Although clarified, Mr. Zecler said he wants to understand why he was targeted.

“I need to know,” he said, wondering if it was because they saw “a black man who seemed to come from a working-class district of the 17th in a particularly well-off district.”

It turned out that the beating took place half a day after their business partner, Valérie Atlan, uploaded a new anti-violence video with the message “love is stronger than hate”.

After spending the first few years of his life on the French Caribbean island of Martinique, Zecler grew up with his mother and brother in low-rent apartments in Bagneux, a Parisian banlieue or suburb. His mother, a health assistant, often worked at night, and the family always lacked money.

Maybe because they were newcomers and because he was black, his mother always told him to be discreet, ”Mr. Zecler said.

“Don’t notice yourself,” her mother often told her. – We are very discreet.

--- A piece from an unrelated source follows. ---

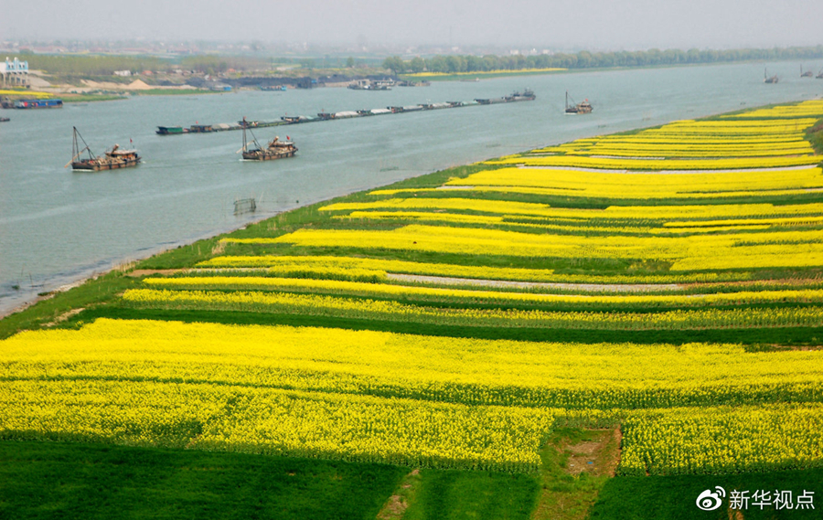 2008年3月27日,一支運煤船隊通過岸邊開滿油菜花的淮河淮南段。金黃色的油菜花和綠油油的麥苗使得淮河岸邊美景如畫。新華社發(fā)(陳彬攝)

He kept the advice. “If we invite us to a party, I won’t get up to eat, never the first one,” he said.

As a teenager, as he earned the easy money his peers earn in Bagneux, he committed armed robberies, he said, was jailed at the age of 17 and came out at the age of 24.

In the world of rap music, some may have spent their time in prison as badges of honor. But he said he never talked about it, he felt “ashamed.” Seventeen years after his release from prison, he wanted to focus on the company he was building and the success he had gained.

“I left Bagneux and got to 17th place,” he said. “I’m proud of it.”

Olivier Cachin, a journalist specializing in the genre, said Mr. Zecler was “highly respected in the world of rap. He is one of those people in the shadows. Not someone’s face appeared in the newspapers.

Having successfully rebuilt his life, Mr Zecler said he believes in justice and does not want to lose faith in him because of the beating. He didn’t want the young artists he was making to be filled with hatred. He listed the cops as his friends and said he knew there was a lot of good in the force.

“It’s very important,” he said. “Certain elements need to be fixed. But we can’t talk about everyone in one sentence.

Antonella Francini contributed to the research.